Они обменялись мягкими улыбками, и Кир покинул палату. Николь предприняла ещё одну попытку приподняться, но её руки, походившие на тонкие бесчувственные верёвки, не желали подчиняться. Она сделала над собой усилие, но мышечная слабость взяла верх, и она рухнула обратно на подушку. Приподняв одеяло, Николь осмотрела руки: на внутренней стороне ладоней выделялись кровяные полоски от впившихся в кожу длинных ногтей.
Больница «Скорой помощи». Того же дня, 22:00.
В палату номер 9 зашла молоденькая медсестричка в белоснежном костюме. Она пристально взглянула на пациентку. Николь лежала неподвижно с закрытыми глазами. Чтобы не побеспокоить больную, она прикрыла за собой дверь очень аккуратно. В палате горел приглушенный ночной свет, а воздух был спертым и обдавал чрезмерным теплом прогретого помещения. Она невольно избавилась от верхней части рабочего костюма и, повесив её на спинку стула, сама устроилась на нём. Еда, которую она принесла для Николь на ужин, лежала на тарелке целой и невидимой; вода в стакане была нетронута, а пилюли оставались в стеклянном пузырьке. Негодуя на непослушание венгерки, медсестра покачала головой.

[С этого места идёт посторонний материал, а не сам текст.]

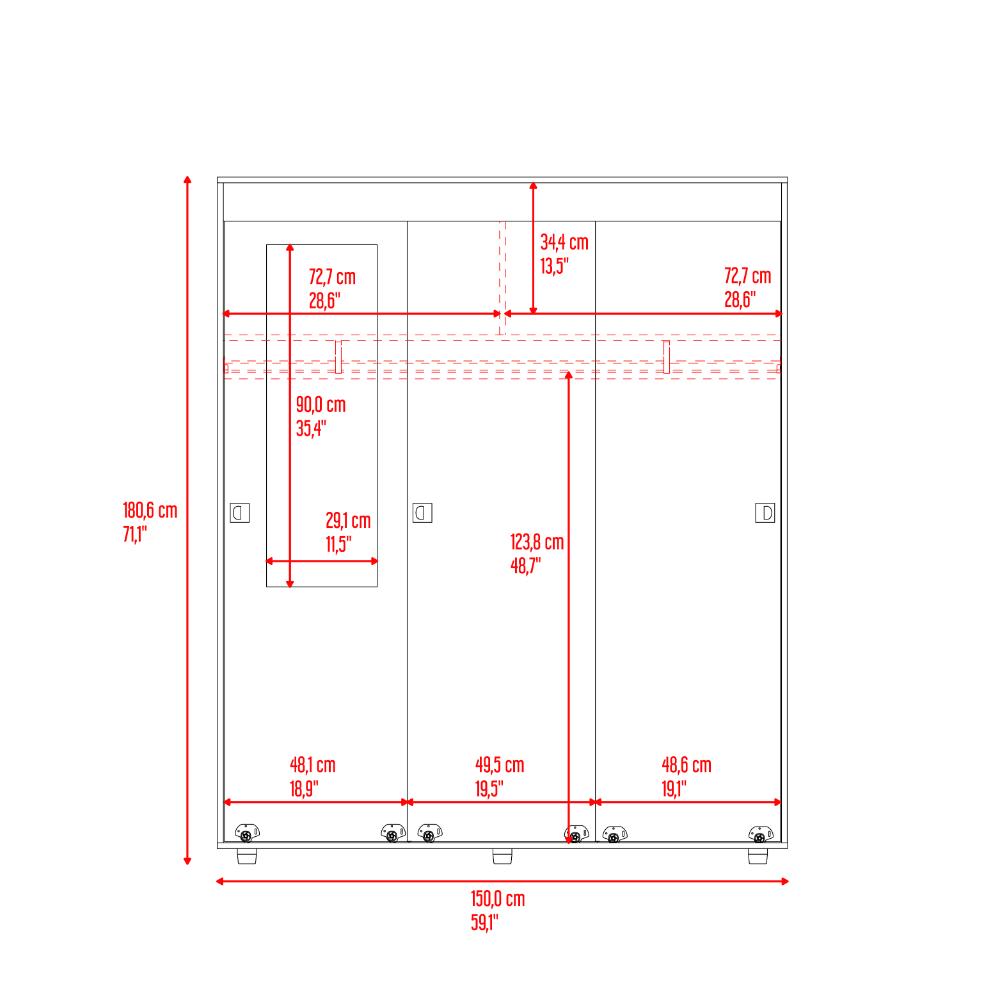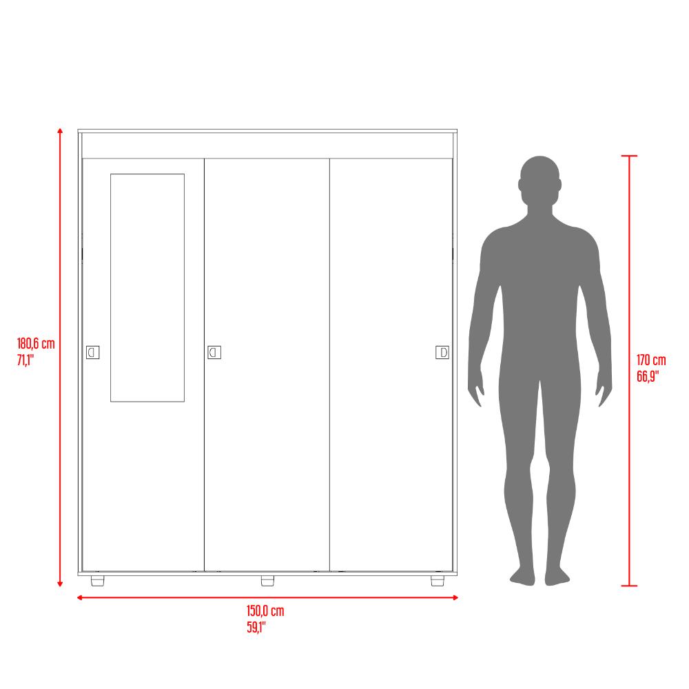 Closet, con tres puertas corredizas, un tubo para colgar ropa y amplios espacios de guardado. Incluye Espejo

Николь приоткрыла слегка припухшие веки и стала беззвучно наблюдать за медсестрой. Невинное личико и незначительный рост скрадывали несколько лет. Она сразу догадалась, что сиделку прислал Кир. Журналистка рассеянным взором обвела палату. По другую сторону стены находились ещё две прилежно заправленные кровати. Николь вновь перевела взгляд на медсестру, которая отчаянно боролась со сном. Её веки медленно прикрывались, то снова открывались. Она помотала головой, чтобы немного взбодриться.